DAY FOUR November 6, 2005
AFI Success Story Patty Jenkins Returns as Festival Juror
by Chris Davison
Film festivals are wonderful for film lovers, but the less frequently examined perspective is from the point of view of the folks who provide the content--oftentimes independent, emergent filmmakers attempting to make a name for themselves while navigating the choppy waters of commerce with artistic integrity intact.
Director Patty Jenkins can testify to the difference a Festival experience makes, though. It was at AFI FEST, after all, where she brokered a deal that helped shape her career and lead to the Oscar-winning MONSTER, her feature film debut. Jenkins returns to AFI FEST this year as a juror for the International Shorts Competition--screening November 7 through November 10 at the Mann Chinese 6--and, on the eve of the Festival, took the time to answer a few questions about her relationship with AFI FEST and KODAK CONNECT, a partner program that offers AFI FEST filmmakers an intimate and intensive framework of one-on-one meetings and other educational and networking opportunities with more than 90 high profile representatives from various corners of Hollywood's filmmaking community.

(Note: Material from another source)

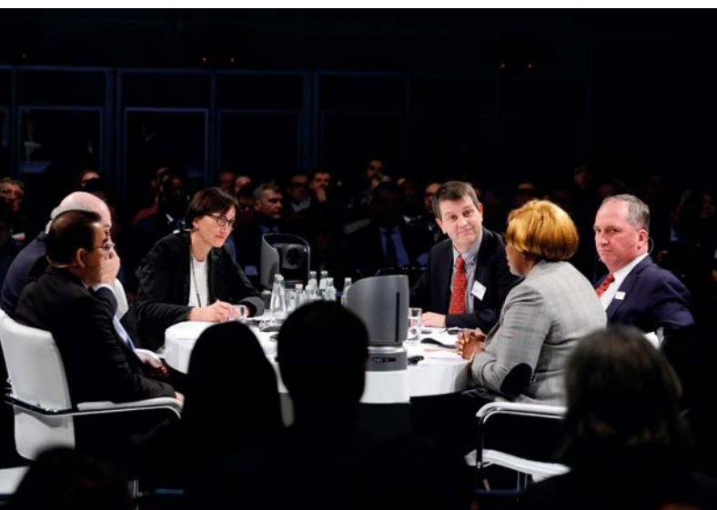
Podiumsdiskussion beim High Level Panel der Europäischen Kommission

Diese und weitere Maßnahmen müssen auf nationaler und lokaler Ebene in mittel- bis langfristigen Strategien integriert werden.

AFI: What motivates you to participate in AFI FEST 2005?
Jenkins: I love AFI FEST. It is one of my favorite Festivals, and I have a long relationship with it. In 2001 I had a short (PERSONAL VELOCITY) entered into the Festival and the other shorts were some of the best I have ever seen--so good that I ended up seeing all of them. As a filmmaker, I benefited tremendously from having my film in the Festival.
AFI: What are some of your thoughts and feelings as you prepare to attend this year's AFI FEST?
Jenkins: I am very much looking forward to seeing all of the films, I have good memories of what the festival was able to do for me and I am excited about the opportunities being presented to other up-and-coming filmmakers.
AFI: Can you describe for us the day you went to KODAK CONNECT and met your producer for MONSTER?
Jenkins: It's one of those things where, as people say, you never know when opportunity will knock. We both had many conversations that day, and [neither of us knew] that was the one that would lead to something so big. It was amazing. You never know when it will take off like that. Brad Wyman was the producer I met. The meeting was 10 minutes long and incredibly direct. Brad just said he heard a film was being made about Ted Bundy, and I said I was thinking about making a film about Aileen Wuornos. Brad encouraged me to do it and said he could help by introducing me to people, and then it happened. That initial conversation resulted in a number of other conversations down the line and eventually the movie, which won an Academy Award for Charlize Theron.
AFI: You're also an AFI graduate. What were some of the things you learned that have helped to advance your career as a filmmaker?
Jenkins: A lot of different kinds of hands-on experience making films. Being at AFI helped me interact with people in the industry. Amazing guest speakers came in and I received both a formal education and an informal education.
AFI: Do you have any advice for young women who are interested in becoming directors?
Jenkins: Just don't think about the fact that you are women directors, go forward like anyone else.
AFI: Is there anything you would like to add, anything you want readers to know in closing?
Jenkins: I went to KODAK CONNECT two different days. I remember, before the second day, thinking, "Why bother, nothing will come from it," but now looking back I'm so thankful that it happened. It's wonderful to think that a 10-minute meeting during AFI FEST resulted in the closing film for the fest two years later.